When something as fundamental as the Fourth Estate chooses to switch its narratives based on a combination of independent political, ideological and economic interests, it can hurt the brains of a lot of people — especially those that sit outside what is deemed to be a genuine audience both politically and commercially, especially in a pandemic.
One picture of strength and unity, another an image of a 'state of disaster' — one side community and camaraderie, the other a Sword of Damocles, poised to render Victorians under 'shock and awe' restrictions. When bipolar messaging is applied according to political and societal delineations, it comes at the expense of a harmonious population and cogent national imperatives.
A healthy and diverse press environment could hold the Government to account for its lack of leadership, whilst looking to avoid national division over genuine responses to the "black swan" event of our lifetime — not well-off pundits like Peter Van Onselen channelling the plagues of ancient Rome and the lamentations of the Caesars.
There are a lot of people who can’t work from home, who cry in the supermarkets over the price of Lebanese cucumbers — their lamentations are the ones that should matter. With the possibility recent Morrison failures could be fatal, there are signs that the Murdoch alliance and its mythological "protector" status of the Liberal National Party are starting to show signs of fatigue.
It may look to enter its most uncanny form — salvaging its relationship with the Australian Labor Party. This about-face is a rare occurrence in the somewhat cyclical nature of the Murdoch apparatus, not seen since Kevin Rudd made the necessary arrangements in '07, not something that fits the narrative. It might be worth watching this space.

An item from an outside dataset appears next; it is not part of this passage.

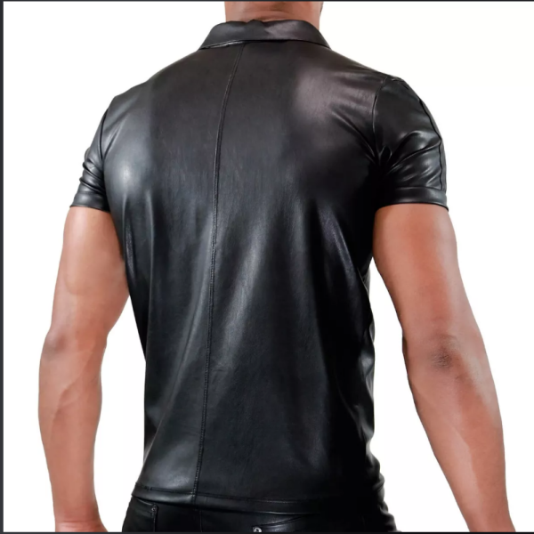 Stijlvolle kunstleren polo met korte mouw en 2 knoopjes in de hals.

With the declining presence of working-class journalists and their unique social contributions, sons and daughters of managerial elites do not have the socio-cultural reference points they need to make balanced observations of our society, nor the counterweight from colleagues who can provide it.
A blindsided journalism has been unable to capture the disenfranchisement of broad sections of the population and the dire state of our democracy due to the failures of the political class. The nation would benefit from a more diverse media representation across class barriers, encouraging, more importantly, a more diverse representation across class barriers in Canberra.

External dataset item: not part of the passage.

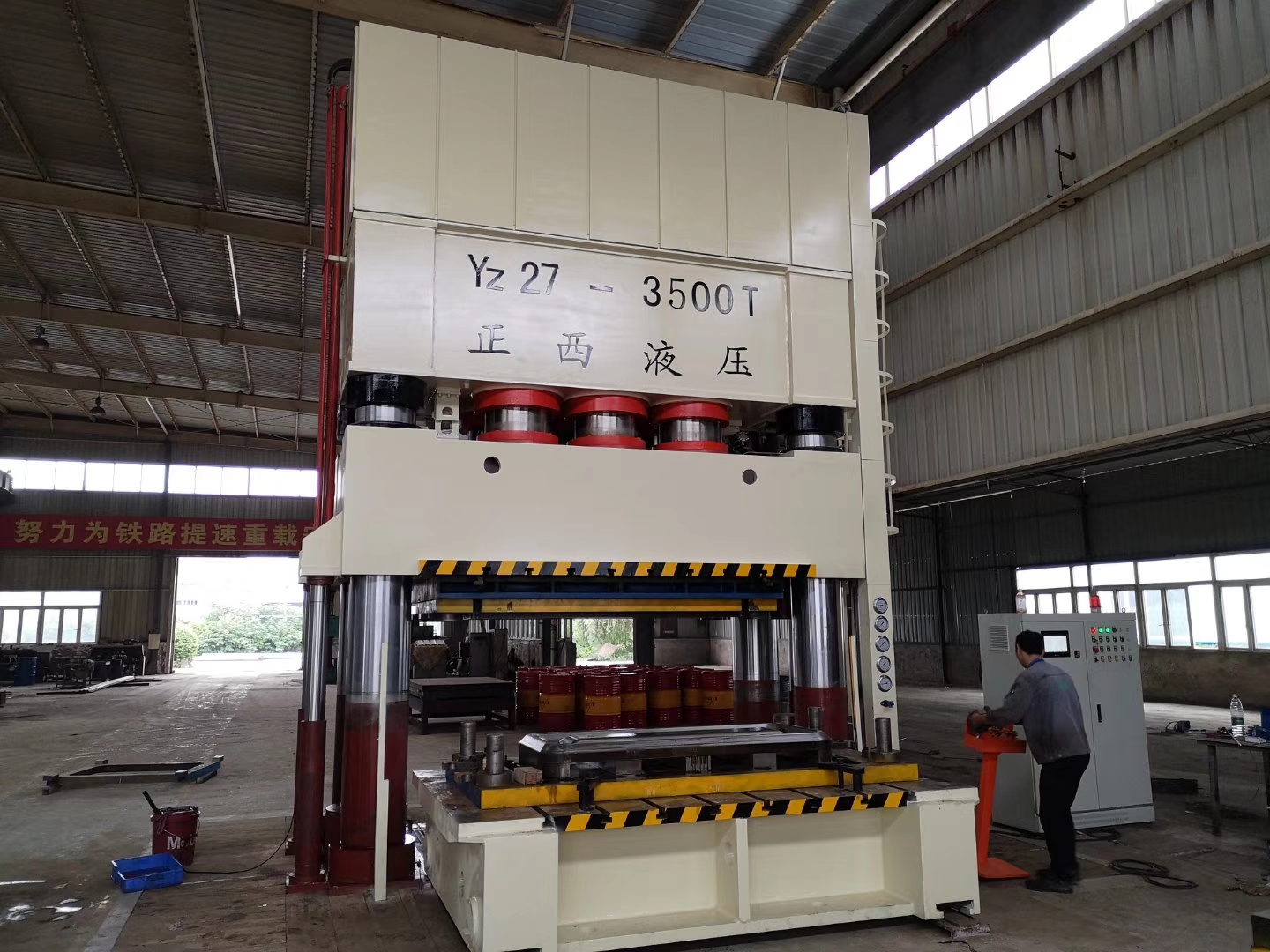廣漢客戶的在我司訂購的3500T四柱液壓機交貨啦,送至客戶工廠安裝調試。

The lack of economic, cultural and ideological diversity in journalists has overseen a rise in political corruption, scandal in this country’s politics, bad faith in the population and the reticence to meaningfully address it.

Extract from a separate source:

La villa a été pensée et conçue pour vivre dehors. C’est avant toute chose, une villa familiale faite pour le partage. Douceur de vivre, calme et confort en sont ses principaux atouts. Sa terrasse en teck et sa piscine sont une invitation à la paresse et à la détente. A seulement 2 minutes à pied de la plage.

The challenges of COVID-19 have illuminated the societal issues that rise from careless and inconsistent messaging, the responsibility of those who deliver it and the lack of voices to represent the vast number of Australians under duress.
This comes at the expense of our democracy and everything we need to achieve as a common people, at a time that needs national imperatives to meet existential challenges with climate change and COVID-19. The lethargic and uninspired leadership in this country combined with the complicit press apparatus that perpetuates it is the centre of decay and rancour that has permeated the political class in Australia.
The lack of working-class voices in Australian media is no secret these days. An article by comedian and author Nelly Thomas laments the loss of this important social component and the balance and insight it can bring to privileged journalists in the media.
This loss is clearly observed now in the transmigration of journalists within the concentrated media landscape, as former Murdoch’s go to ABC and former ABC’s go to Nine-Fairfax, the working class get squeezed out, the ideas are extruded based on methods learned from a Murdoch tenure or a Channel 10 graduate program, no longer through working-class cadetships and valid lived experience.